Fig. 1. Pgbd5 promotes tumorigenesis in diverse developmentally accurate mouse models of SHH MB.

Fig. 1.

(A) Schematic of aberrant mechanisms of SHH signaling in cerebellar GCPs in MB development (left). In Ptch1-mutant Ptf1aCre/+;Ptch1fl/fl MB, by deletion of Ptch1 encoding a receptor for SHH, SMO signaling is disinhibited and highly activated, leading to the generation of activated GLI (GLIA). In Smo-mutant MASTR-SmoM2 or Atoh1-CreERT2;Rosa26LSL-SmoM2 MB, oncogenic constitutively activated form of SMO results in GLI activation and aberrant SHH signaling. (B) Schematic of cerebellar tumor development in Ptch1- (top) and SmoM2-mutant (bottom) MB. Red arrowheads mark conditionally gene-targeted cell populations. PNLs (purple) lead to MB development. E, embryonic day; P, postnatal day. (C) Representative photographs of dissected brains of Ptf1aCre/+;Ptch1fl/fl (bottom left) mice that develop MBs marked by white arrows and dashed circles, as compared to Ptf1aCre/+;Ptch1fl/wt mice (top left) that do not develop tumors.
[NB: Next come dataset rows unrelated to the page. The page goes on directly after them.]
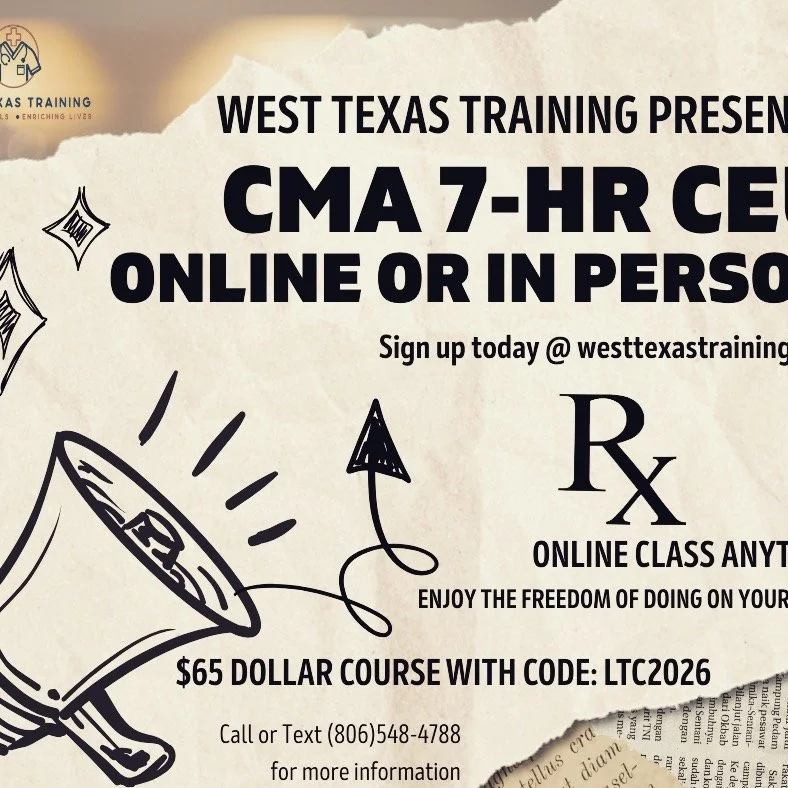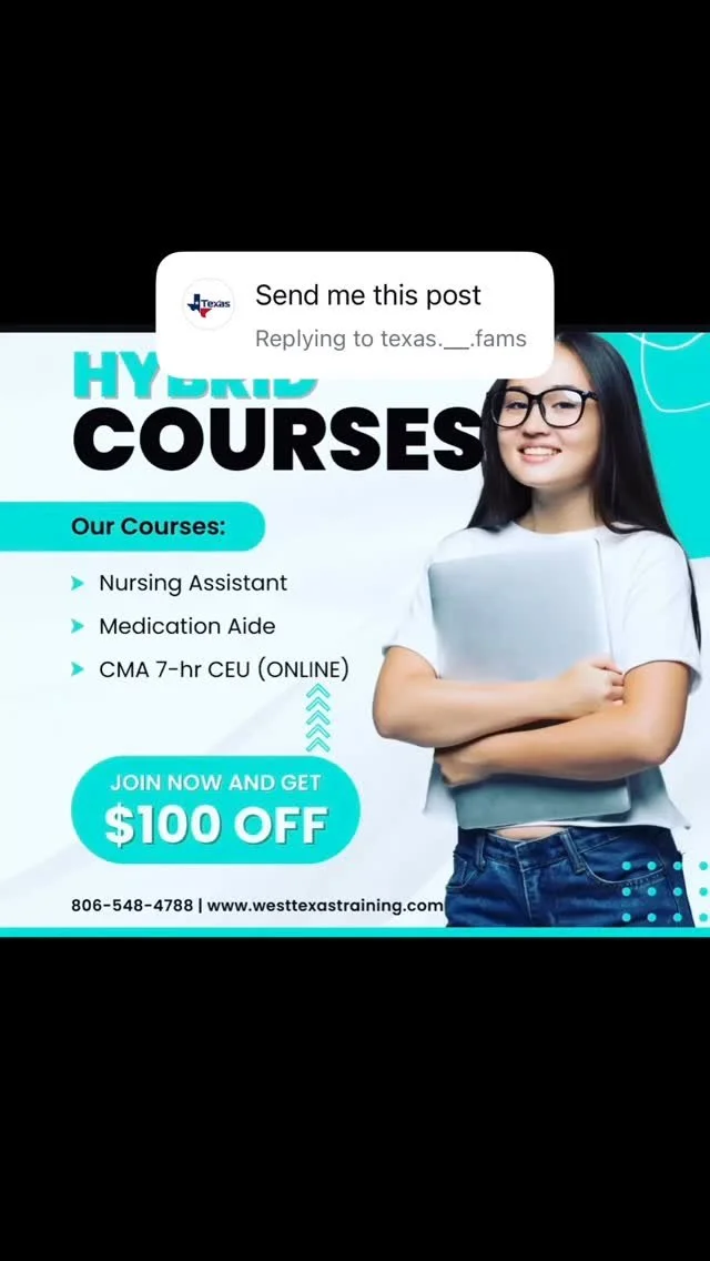 Get started on your journey to becoming a Certified Nursing Assistant with West Texas Training's comprehensive CNA training program. Our state approved curriculum-based training includes 60 hrs of classroom and simulation lab instruction, followed by 40 hrs of hands on clinical training in a long-term care facility. Enjoy the benefits of a hybrid program spending less dedicated hours in classroom. Gain valuable real-life experience and take the first step towards a rewarding career in healthcare. Acceleration available and fit to meet your school schedule. Our evening course is designed around the standards required by Texas Tech University school of nursing program.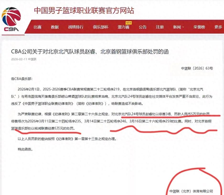 赵睿的罚单终于来了,CBA在北京时间2月11日晚上对赵睿的处罚结果终于公布,最终的处罚结果是赵睿禁赛三场,赵睿个人罚款5万,而北京首钢男篮连带责任也罚款5万,总共对于这件事情的处理就是赵睿个人禁赛3场,总共罚款10万元。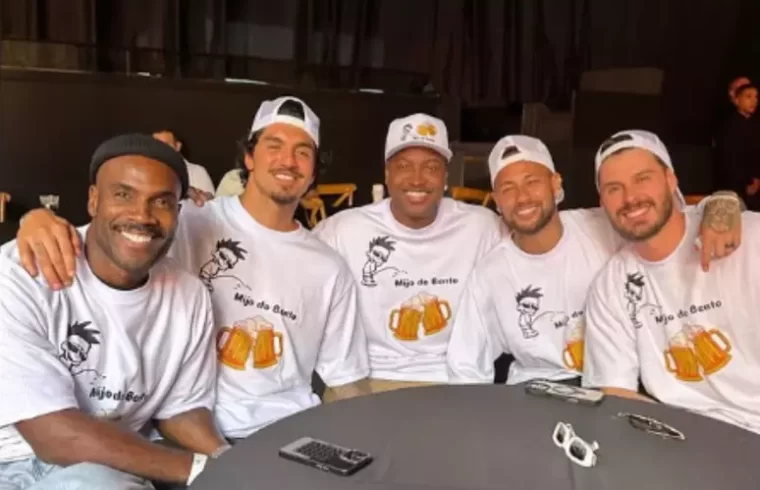 “Tô aqui com meus grandes amigos homens pra celebrar um dos momentos mais especiais da minha vida: a futura chegada do meu primogênito, o Bento! Com muita alegria (e uns goles também 😂), vamos abrir os braços e os corações pra receber esse novo membro da família e do bando! MIJO DO BENTO — porque alegria boa a gente comemora com verdade, com risada, com afeto e com os de sempre do lado!!! 👊🏿 Sou grato demais por cada abraço, cada energia boa e cada brinde pela vida que tá chegando!!! O Bento já é amado, esperado e cercado de amor! Agora é contagem regressiva pro meu maior show: ser pai!”, escreveu.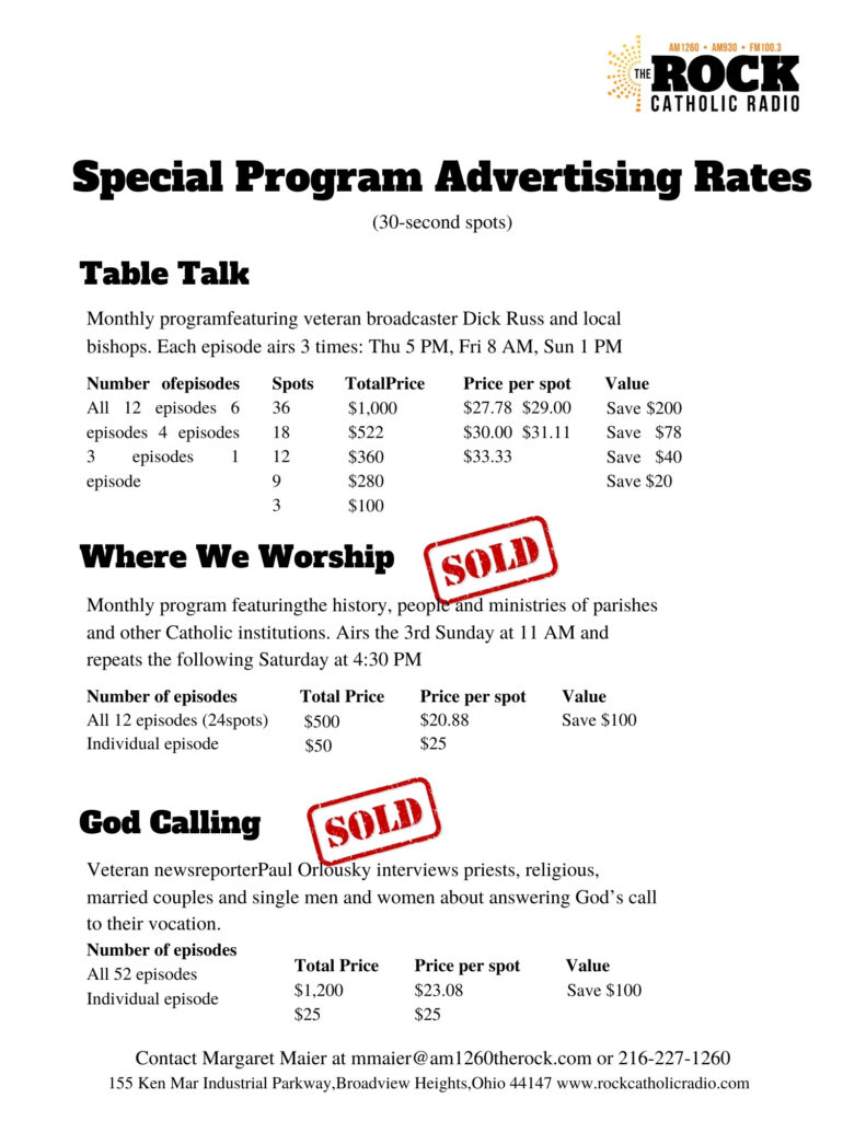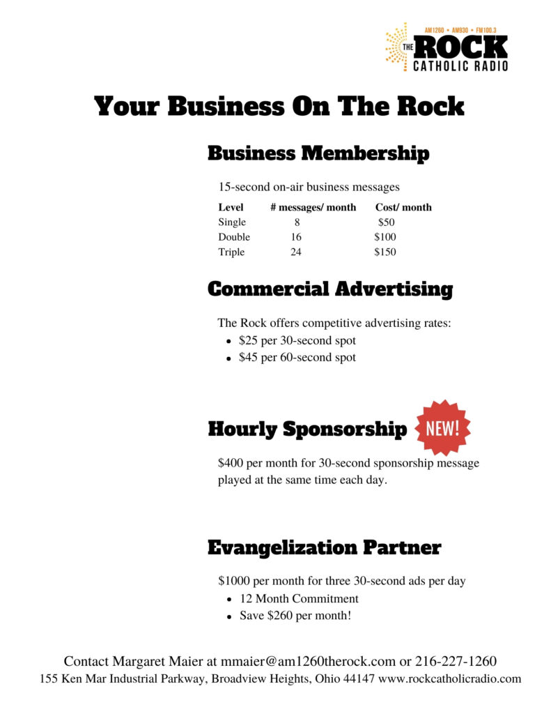 Let the community know that you support Catholic Radio in Cleveland by becoming a Business Member or Advertiser with The Rock Catholic Radio! Listeners are a truly responsive and loyal audience who choose to support and frequent the businesses that support The Rock Catholic Radio.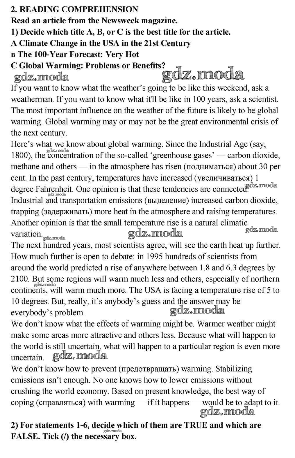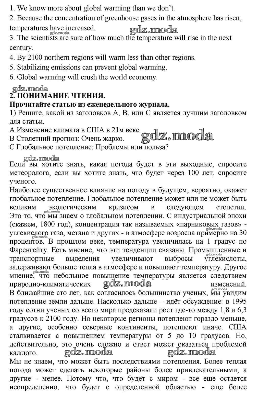 ГДЗ решение к заданию № 2 Английский язык 10-11 класс Кузовлёв В.П. Просвещение 2012 ФГОС бесплатно на гдз.мода!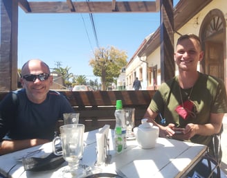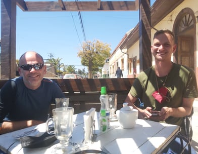 Im Cafe treffen wir auf Martin aus Dresden, der mit dem Motorrad hier ist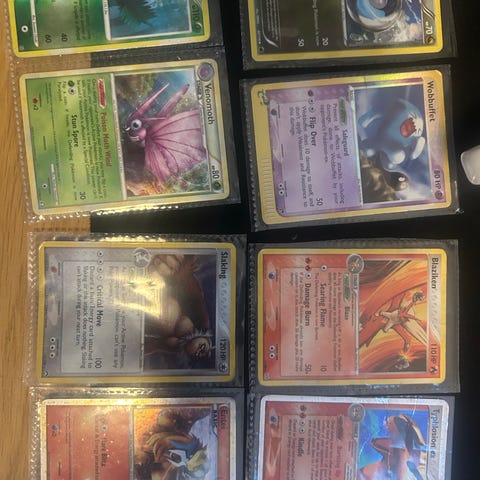 Samlingen på bildene består av ulike Pokémon-kort med både vanlige og holo/reverse holo-kort. Kortene viser flere forskjellige Pokémon-figurer, trenere og energikort fra ulike serier og typer (blant annet vann-, gress-, psykisk- og fargeenergikort).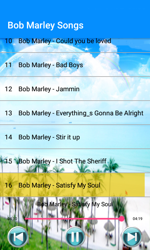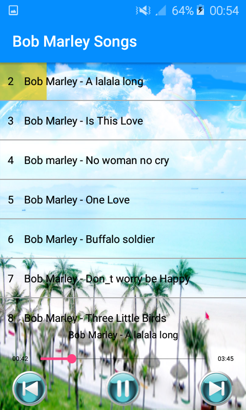 This application provides a collection of popular songs from Bob Marley. Choose and play your favorite songs anywhere and anytime.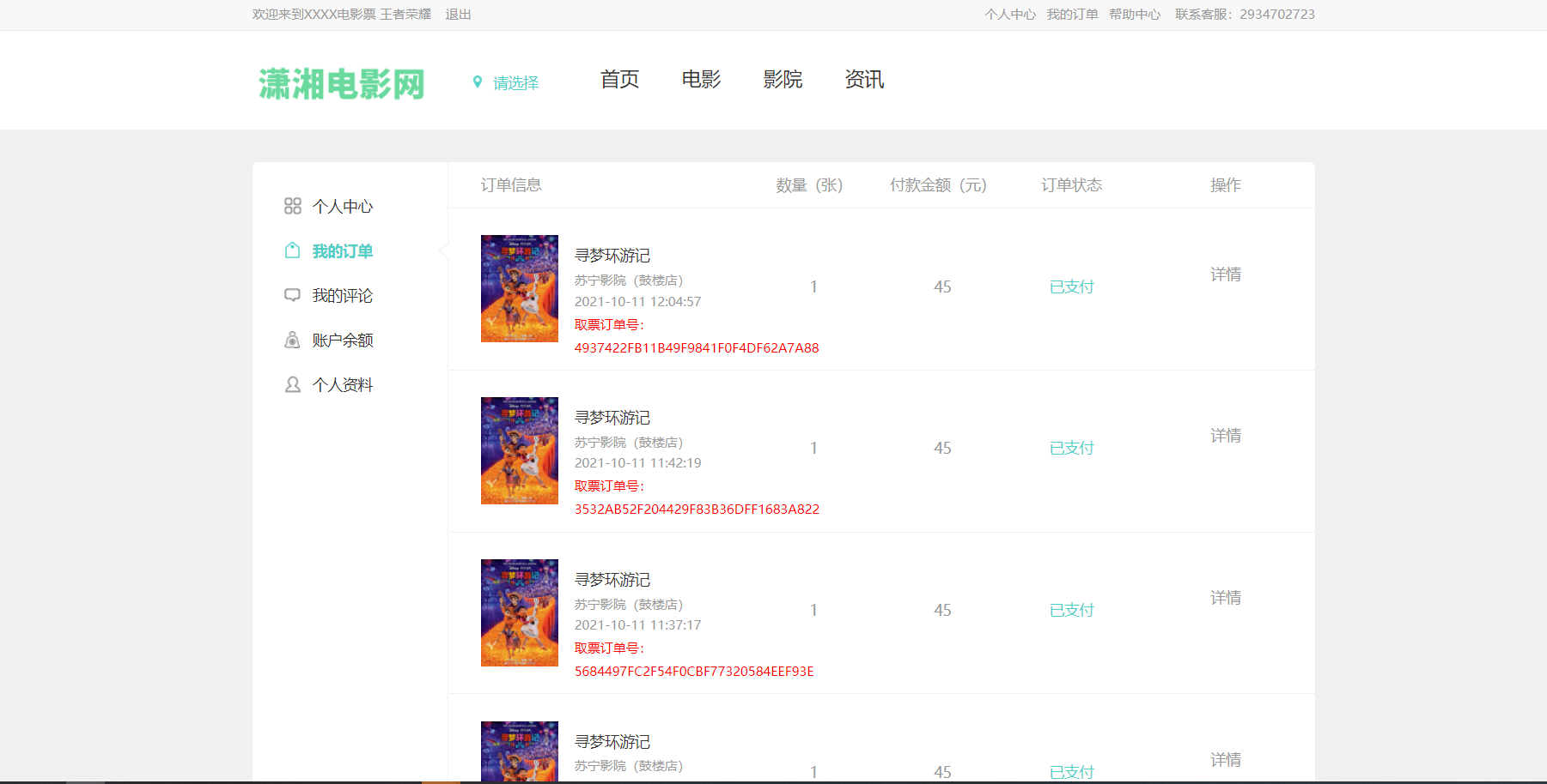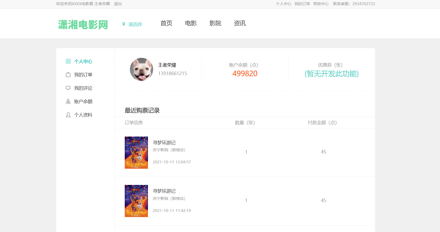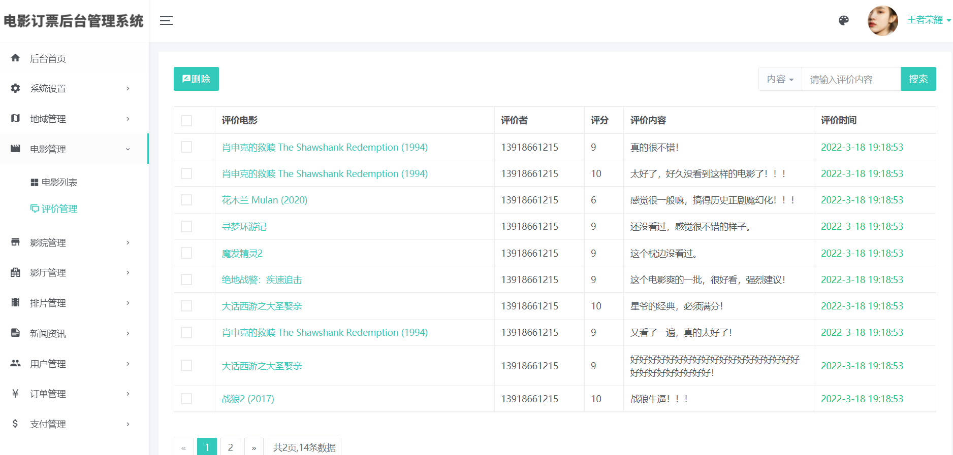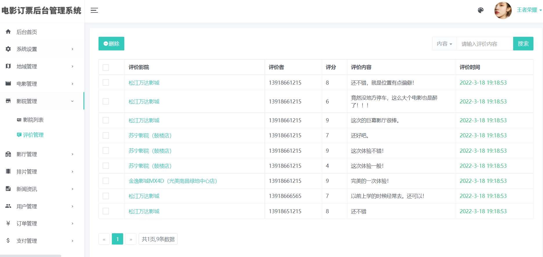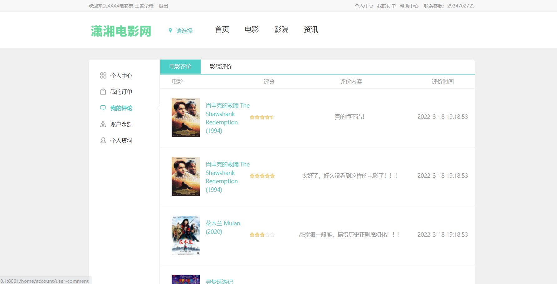 12)用户中心电影评价、影院评价管理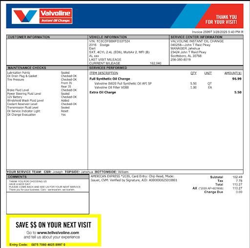 Follow Up: I had high hopes for Valvoline Instant Oil Change in Scottsboro, AL after a disappointing first visit where an employee spent my entire visit complaining about being hungover from a night of heavy drinking. Unfortunately, this second experience was just as frustrating. I waited in line for 40 minutes with only one car being serviced and one car ahead of me—without any movement. The car in front of me hadn’t even been pulled in yet! I ended up leaving without service because I had to get back to work. There’s nothing "instant" about this place. To top it off, their prices are outrageous—well over $100 unless you hunt down an online coupon. I’d rather take my car to the dealership next door for $85, where they’ll even pick up and drop off my vehicle, saving me the hassle of waiting. I won’t...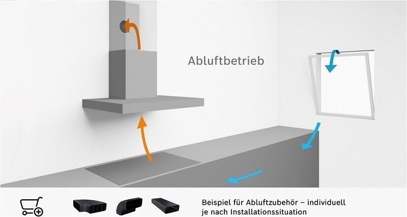 • Abluftstutzen Ø 150 mm (Ø 120 mm beiliegend)
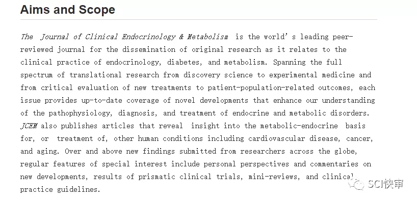 JOURNAL OF CLINICAL ENDOCRINOLOGY & METABOLISM是本老牌杂志,影响因子多年5分+;JCR1区,中科院1区Top;审稿有快有慢,整体较快;自引率较低;发文量不多,国人发文占比较大;可选OA,非OA则作者无需支付版面费;值得投稿!

Immunofluorescence microscopy (right) shows high Ki67 (green) and low NeuN (red) expression in MB tumors, with nuclei marked with DAPI (blue). The edge of the tumor (white inset) is magnified with NeuN-positive cells on tumor edge corresponding to normal cerebellum. (D) Survival of Ptf1aCre/+;Ptch1fl/fl;Pgbd5+/+ (black) and Ptf1aCre/+;Ptch1fl/fl;Pgbd5−/− (red) mice. (E) Survival of Ptf1aCre/+;Ptch1fl/fl mice with conditional knockout (CKO) of Pgbd5fl/− (blue) or control Pgbd5+/− (black) or Pgbd5−/− (red) littermates. (F) Genomic PCR analysis of conditional Pgbd5 excision in Pgbd5fl/− CKO Ptch1-mutant tumors demonstrates that seven of nine (79%) analyzed tumors retain intact Pgbd5, as detailed in fig. S1D. (G) Survival of MASTR-SmoM2 mice with CKO of Pgbd5fl/fl (red), as compared to control Pgbd5+/+ (black) or Pgbd5fl/+ (blue) littermates. (H) Genomic PCR analysis of conditional Pgbd5 excision in MASTR-SmoM2; Pgbd5fl/fl tumors demonstrates that four of five (80%) analyzed tumors retain Pgbd5 floxed alleles, as detailed in fig. S2B.